I’d say, to me anyway, it’s pretty obviously the latter. We, as a society, fetishize and celebrate violence. Perhaps because it really is one of those things that most will never actually engage in, unlike sex, and that is why it is so fascinating. Blaming violence in society, especially American society which has always celebrated violence in pulp novels, movies, etc., on products that are simply a reflection of that obsession, is putting the cart before the horse.

Likewise, claiming that porn doesn’t cause sexual deviancy misses the point. Of course porn doesn’t cause sexual deviancy, but it does most definitely enable it. People look at pornography for many reasons, but a healthy sexual appetite isn’t the only reason. Many undeniably turn to pornography precisely because they can’t accept those things they are attracted to, but they can watch or look at pornographic images of it. And I’m not even saying this is necessarily a bad thing. I’m attaching no moral judgment to it. I’m simply acknowledging that it isn’t so black and white.

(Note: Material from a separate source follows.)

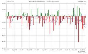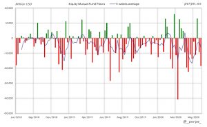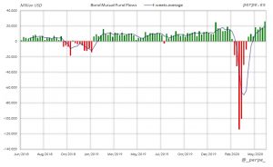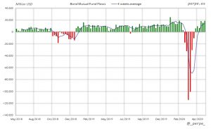 De nuevo se las entradas en fondos y ETF’s de renta fija por más de 229.000 millones de dólares en 13 semanas. En el acumulado anual las suscripciones son de 54.000 millones, por debajo de los 219.000 millones del año anterior en las mismas fechas.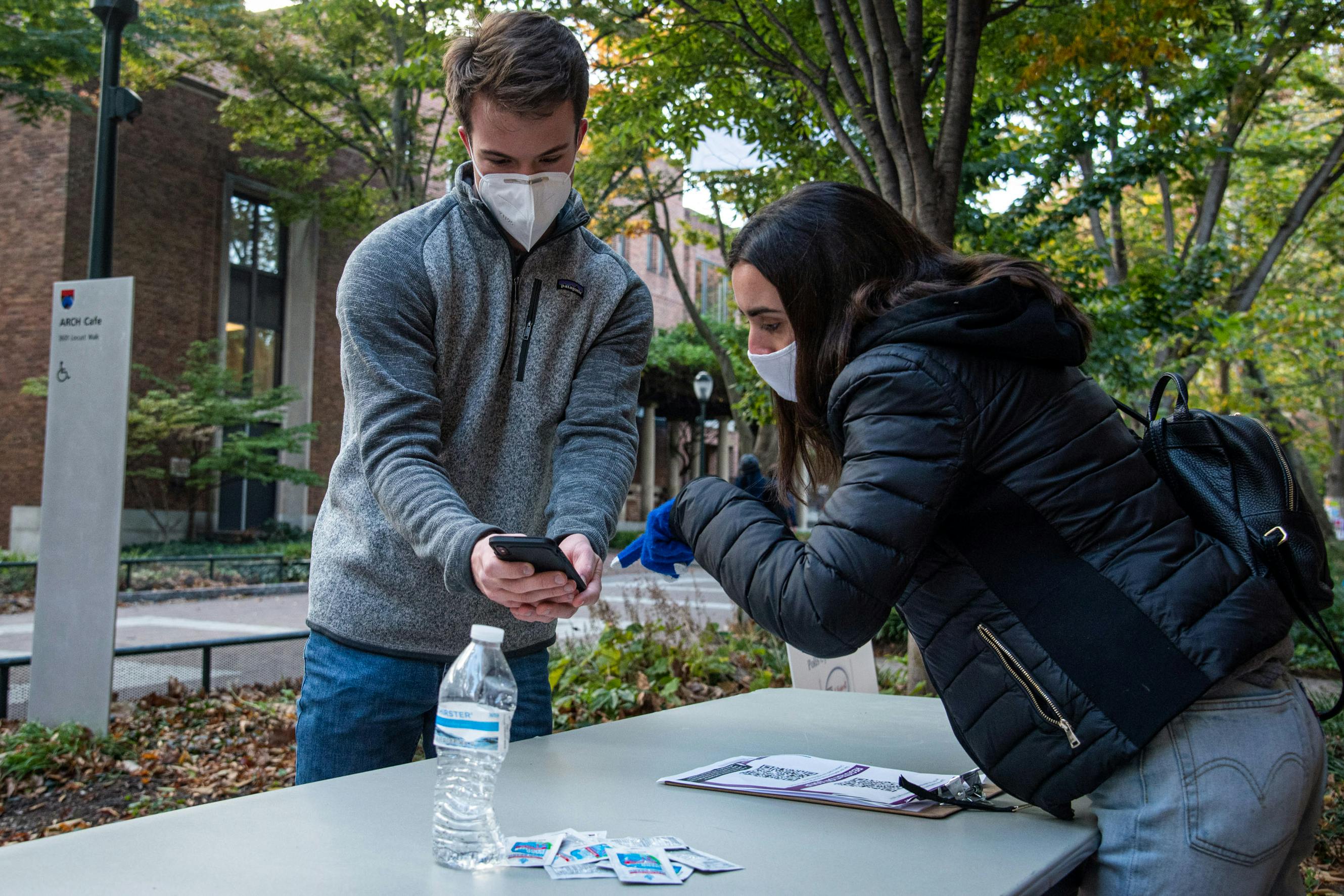 Nov. 3: College senior Anna Lisa Lowenstein, a student poll worker, helped a student find his division number outside the ARCH building polling location on Election Day. More than 1,000 votes were cast at Houston Hall, ARCH, and Walnut Street West Library.

Mr. Jeremy, I respect your work (such as it is). You give hope to the dreams of fat, hairy-backed men around the world that they, too, may someday have a threesome with two gorgeous strangers who will seduce them on an airplane. But you gotta realize you’re reaching here.

Exhibit B:

My new favorite photoblog, and source of the images used in this post, Black and WTF? Proof positive that people are not only weird now, but always have been weird.

Exhibit C:

Saudi Arabia is still sentencing people to death for witchcraft and sorcery. This is one of the many stories I meant to post about during my absence; but Saudi Arabia, late last year, sentenced a Lebanese television personality and “psychic” to death for sorcery. Ali Hussain Sibat was arrested in Saudi Arabia in 2008 after making a pilgrimage to Mecca when religious police recognized him from his television show. This isn’t the first time the nation has sentenced people to death for sorcery. You may recall that in 2008 Saudi authorities were under fire from human rights groups for the scheduled execution of an illiterate woman accused of cursing a man with impotence. Sibat was still alive at last report, while accused witch Fawza Falih remains on death row.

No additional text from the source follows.